MEDLINE, MEDLINE In-Process, Embase, and the Cochrane Library were searched from the January 01, 2000 to September 23, 2019 for articles published in English. Search strategies included index and text terms for psoriasis, the relevant interventions and RCTs. The full search strategies can be found in the Supplementary Table 1. Supplementary searches were also performed. These included checking the reference lists of included studies and searches in disease-specific and health economic and outcomes research congresses. All identified titles and abstracts were assessed for inclusion by one reviewer, with a second reviewer independently performing a 50% check. Full texts were then further reviewed in the same manner by both reviewers. Discrepancies were resolved by discussion or, if necessary, by a third reviewer.

Long-term extensions and RCTs comparing European Medicines Agency (EMA)-approved interventions of interest at their licensed doses – adalimumab, apremilast, brodalumab, certolizumab pegol, etanercept, guselkumab, infliximab, ixekizumab, risankizumab, secukinumab, tildrakizumab, and ustekinumab – with any comparator including placebo, another biologic therapy of interest or a non-biologic systemic therapy were eligible for inclusion. Trials had to include an intervention regimen that was administered at a licensed dose throughout the entire induction to maintenance phase. The outcome of interest was improvement in PASI score (PASI 75, PASI 90, and PASI 100) at or around 52 weeks.

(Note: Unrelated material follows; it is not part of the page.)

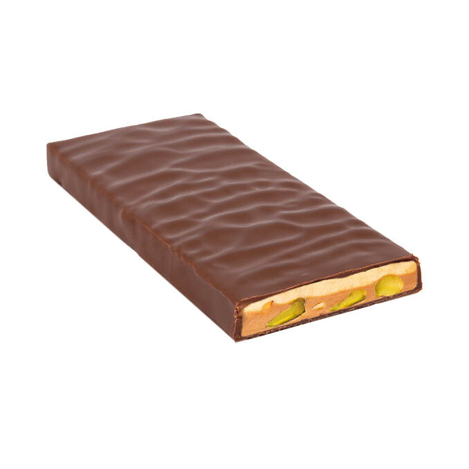 Extradunkle Milchschokolade 60% gefüllt mit weißem Nougat, Pistazien und Haselnüssen

PASI 50 was not included as it was reported in very few studies. The full set of inclusion criteria can be found in the Supplementary Material S2.

For studies meeting the eligibility criteria, characteristics regarding the study design, patient population, interventions, outcomes, and PASI results were extracted. The methodological quality of studies was assessed using the Cochrane Risk of Bias Tool.

Analysis

The between-study heterogeneity was assessed by comparing features including treatment, outcome, study design, and patient characteristics. Studies were combined using a hierarchical Bayesian NMA of PASI responses using an ordered probit model to estimate the probabilities of achieving each level of PASI response. PASI 75 responses of the reference arm in included studies were utilized to inform baseline event rates. Prior exposure to biological therapies varies across trials in psoriasis and is thought to be a potential effect modifier (Citation20,Citation21); therefore, a sensitivity analysis was carried out excluding studies which included <5% of patients with prior experience of biologics or which did not report this information.

Due to differences in study design for maintenance phase data, a stepwise approach to synthesis was undertaken, with a primary and secondary analysis. The primary analysis (analysis 1) included studies with comparative evidence at 52-weeks. In order to include more studies and interventions, a second analysis was conducted (analysis 2). This analysis included long-term extension data for active therapies and induction-phase PASI results for patients receiving placebo who, in long-term extensions had switched from placebo to active treatment. In these studies, the induction phase data from the placebo arms were compared with the maintenance phase data from the active therapy arms, assuming placebo responses during induction persist into maintenance. In other words, placebo induction phase responses were carried forward to the end of maintenance.

Both fixed and random-effects models were used to generate results. Model-fit statistics including deviance information criterion (DIC) and the total residual deviance indicated that the random-effects model was the best-fit for the data, therefore, only these results are presented in this study. Inconsistency between direct and indirect estimates of effect was assessed for any loops in the evidence network using the two stage Bucher method (Citation22).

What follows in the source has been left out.